27 gennaio 1945: 70 anni fa, si aprirono i cancelli di aushwitz, e per milioni di persone fu la fine di un incubo, il ritorno alla vita, alla libertà; mentre per il mondo intero si aprirono gli occhi sull’orrore dei campi di concentramento e sull’eccidio perpetrato ai danni di milioni di persone, soprattutto ebrei…La follia nazista aveva terminato le sue efferatezze, ma i segni di quanto accaduto, sarebbe rimasto indelebile, nella mente e sui volti dei sopravvissuti, ma anche di tante generazioni successive.

E così si decise di celebrare una giornata della memoria, proprio per non dimenticare l’orrore di quello che fu definito l’olocausto: e fu scelto proprio quel giorno in cui il 27 gennaio appunto, le truppe sovietiche entrarono nel campo di concentramento di Aushwitz, scoprendone gli orrori…L’apertura dei cancelli di Auschwitz mostrò al mondo intero non solo molti testimoni della tragedia ma anche gli strumenti di tortura e di annientamento utilizzati dentro a quel lager nazista.

La data del 27 gennaio in ricordo della Shoah, lo sterminio del popolo ebraico, è indicata quale data ufficiale agli stati membri dell’ONU, in seguito alla risoluzione del 1º novembre 2005.

Da allora, sono passati 70 anni e di quei sopravvissuti ne restano in vita pochi…ma restano le testimonianze, che sono passate di padre in figlio, ma anche attraverso ricordi, conferenze, incontri in gior per il mondo, nelle scuole, nelle piazze, per non dimenticare…

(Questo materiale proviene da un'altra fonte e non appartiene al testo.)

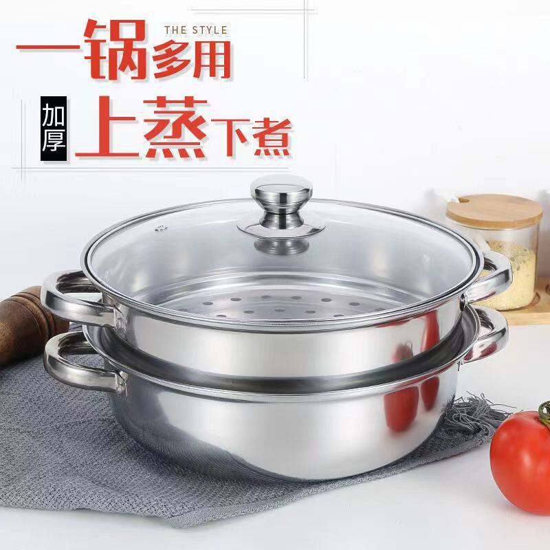 不锈钢蒸锅28cm加厚双层汤蒸锅多用锅火锅电磁炉直销促销礼品
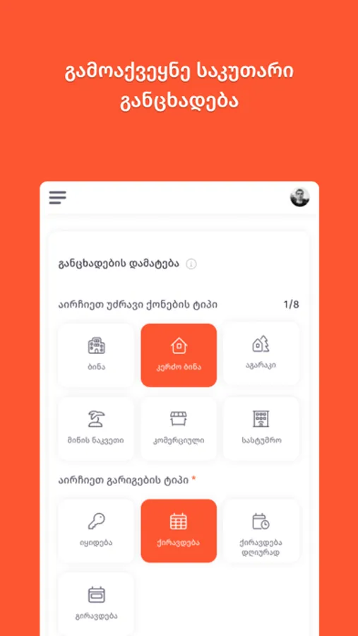Whether renting, buying or selling, private or commercial: We are Georgia's number 1 for all things real estate. Every month, we support more than 500 000 people on our online marketplace or in our app in their search, purchase, financing, or move into their new home - just as we do in selling or renting.
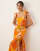 ASOS DESIGN – Pomarańczowa sukienka maxi z falbankowymi rękawkami we wzór w owoce
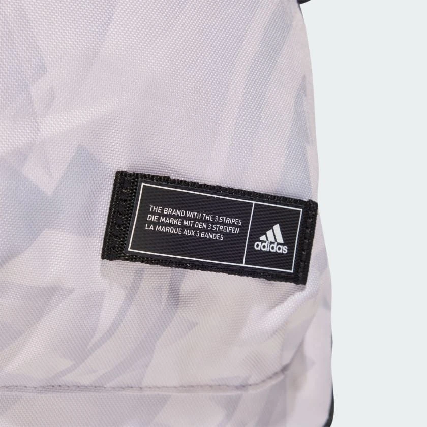 A classic pack with an edgy look. This adidas backpack lends fresh attitude to your casual outfits thanks to a cool allover print. Roomy enough for all your essential gear, it has a zip main compartment, front zip pocket and side slip-in pockets to keep everything organised. Padded adjustable straps add comfort if the bag gets heavy. This product is made with at least 50% recycled materials. By reusing materials that have already been created, we help to reduce waste and our reliance on finite resources and reduce the footprint of the products we make.
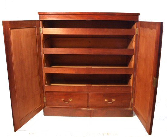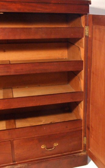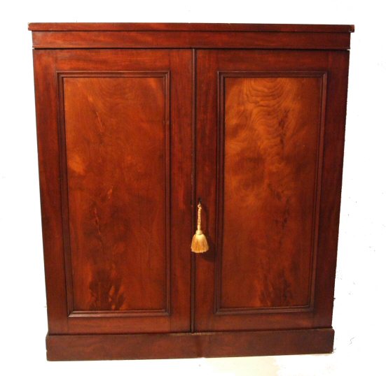 19th Century mahogany Dwarf Linen Press All the glory of 19th Century flame veneers (absolutely stunning), not too fussy, clean symetrical lines, panel doors, raised on a plinth this beautiful dwarf linen press is a fabulously versatile piece of furniture. The doors open to reveal 4 origianl linen trays lined in pale ash with beautiful figured mahogany fronts to match to outer body above 2 deep drawers with brass swan neck drop handles. A stunning piece in excellent condition and lends itself to a variety of uses apart from storage of blankets and clothes the trays can be removed (and stored) and a rail added to turn it into full hanging above the drawers, or the trays can be removed (and stored) and internally the aperture is 46.5" W x 37.25" H x 19.25" deep making it an ideal candidate for a tv cabinet. Height 55" Width 49" Depth 21.75" (Ref :BED530) Email Us for a delivery quote : Click Here
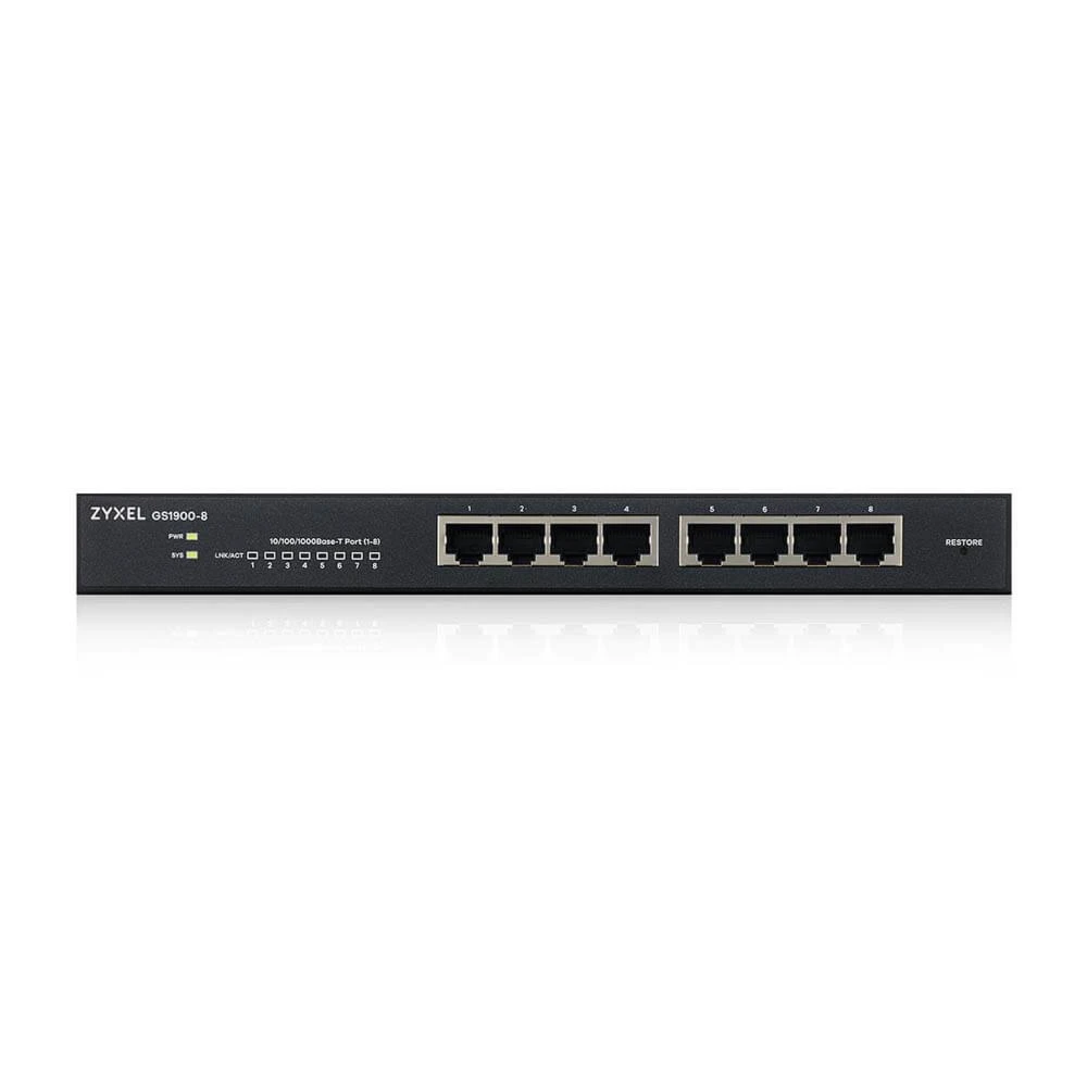 Zyxel GS1900-8. Switch type: Managed, Switch layer: L2. Basic switching RJ-45 Ethernet ports type: Gigabit Ethernet (10/100/1000), Basic switching RJ-45 Ethernet ports quantity: 8. Full duplex. MAC address table: 8000 entries, Switching capacity: 16 Gbit/s. Networking standards: IEEE 802.1Q, IEEE 802.1p, IEEE 802.1x, IEEE 802.3, IEEE 802.3ab, IEEE 802.3ad, IEEE 802.3af, IEEE.... Power connector: DC-in jack. Rack mounting

tanti gli esempi e gli emblemi, che vengono ripresi in questa giornata, nei punti in cui ci si sofferma per riflettere, guardando indietro nel tempo, a quei fatti: tra questi, il romanzo-memoria di primo levi, “se questo è un uomo”, in cui racconta della sua permanenza in un campo di concentramento.

“Più giù di così non si può andare: condizione umana più misera non c’è, e non è pensabile. Nulla più è nostro: ci hanno tolto gli abiti, le scarpe, anche i capelli; se parleremo, non ci ascolteranno, e se ci ascoltassero, non ci capirebbero. Ci toglieranno anche il nome: e se vorremo conservarlo, dovremo trovare in noi la forza di farlo, di fare sì che dietro al nome, qualcosa ancora di noi, di noi quali eravamo, rimanga.

Distruggere l’uomo è difficile, quasi quanto crearlo: non è stato agevole, non è stato breve, ma ci siete riusciti, tedeschi.”